This function rule allows you to perform a lookup (search and retrieve values from another dataset). The values retrieved from the lookup are placed into a new, auto-generated derived field. The returned lookup values can then be used where Data Profiler accepts a derived field (in expressions and other rules, and to write values to a target). For step-by-step instructions, see Adding a lookup source, Creating a LookupValue rule and Writing retrieved lookup values to the target.

A derived field is stored in-memory (RAM). For more information, see Derived Fields.

Once the LookupValue rule is added to a profile, it is categorized under -MultiFieldRules- in the Field/Rule pane (instead of under -OutputFields-).

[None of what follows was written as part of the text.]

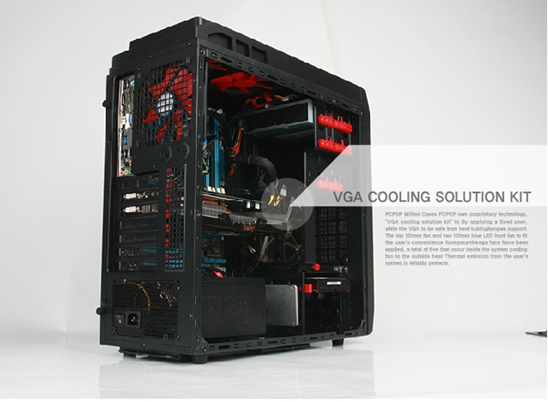업체 피씨팝컴퍼니는 VGA 쿨링 솔루션 킷트를 적용한 미들타워 케이스 'PCPOP Million

This rule uses an incore lookup which is stored in memory (RAM). The lookup dataset contains two columns that are of interest for configuring this rule: one column contains the values that reside in the source or derived field (referred to as the lookup key field); the other column stores the desired values (referred to as the return lookup field). When the rule executes, the engine compares the source or derived field value (referred to as the matching key value) with the lookup key field value. When these values match, the return lookup field value is added to the new derived field.

Lookups can also be created in the Source tab (see Creating Lookups in Profile Editor Source Tab).

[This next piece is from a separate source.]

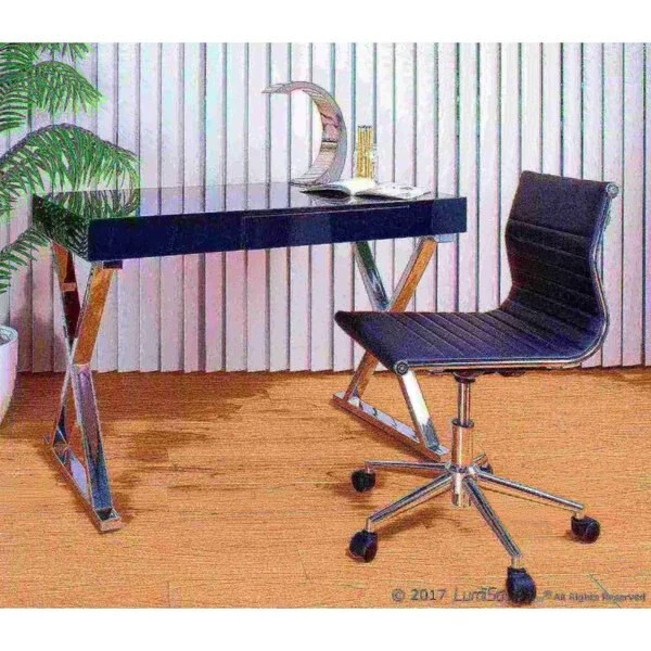 Add glamour to your work space with the beautiful gloss finish of the Luster Desk. A thick desk top and pullout drawer provide an optimal work space, while supporting chrome-finished X-shaped legs add a truly stylish appeal. Available in various colors, choose the one that suits your space best!

This topic includes the following:

• Rule Properties

• Rule Parameters

• Adding a lookup source

• Creating a LookupValue rule

• Writing retrieved lookup values to the target

• Editing a lookup source

• Deleting a lookup source

• Example

Rule Properties

This rule has the following properties.

Rule Name	A default rule name (LookupValue or LookupValue_n, where “n” is 1,2,3, and so on) is provided and displayed here. However, you can edit or overwrite it. Click Reset to restore the default rule name. Note: The underscore (_) character is the only special character allowed in the name. Rule names cannot begin with a digit. If a field or column in the source data starts with a digit, 'r_' will be prepended to any rules created based on that field.
Field Name	-MultipleFields- is displayed here.
Rule Type	The type of rule that is applied to the field. That is LookupValue (Function rule). Tip... A Red Cross in a rule icon (for example ) indicates that the rule has a parameter that has not been defined.

Rule Parameters

This rule has the following parameters.

Lookup Name	Click Add to create a lookup in the Lookup Configuration Wizard, or select a lookup from the drop-down list and click to edit or click to delete a lookup. Tip... In the Lookup Configuration Wizard, connect to the lookup as with a source connector. For example, select the ASCII (Delimited) connector and set the Header property to True. When prompted to select the Lookup Key Field, select the lookup column for comparing against the source or derived field.
Lookup Key Field	The lookup field selected in the Lookup Configuration Wizard. This field contains the lookup values to compare against the Matching Key Field values. When the Lookup Key Field and the Matching Key Field values match, the Return Lookup Field (from the lookup) value is added to the derived field. If no match is found, a null or blank value is returned.
Matching Key Field	Select the field in the source (or derived field) to match against the Lookup Key Field values. When the Lookup Key Field and the Matching Key Field values match, the Return Lookup Field value is added to the derived field.
Return Lookup Field	Select the field in the lookup that contains the values to retrieve from the lookup dataset. These values are stored in-memory within the derived field.
Derived Field Name	A default derived field name (d_<FieldName>LookupValue or d_<FieldName>LookupValue_n, where “n” is 1,2,3, and so on) is provided and displayed here. However, you can edit or overwrite it. See Derived Fields.

Adding a lookup source

1. In the Rules tab, select any field, then click

>Add New Rule.
The Add Rules dialog opens.

2. In the Data Prep tab, select LookupValue, and Finish.
The Rule Definition pane opens. The Rule Name field displays the rule name which can be edited.

3. In the Rule Definition pane, click

(to the right of the Lookup Name drop-down list) to open the Configuration Wizard, then do the following:

• Enter a name for the lookup and a description (optionally). This name will appear in the Lookup drop-down list.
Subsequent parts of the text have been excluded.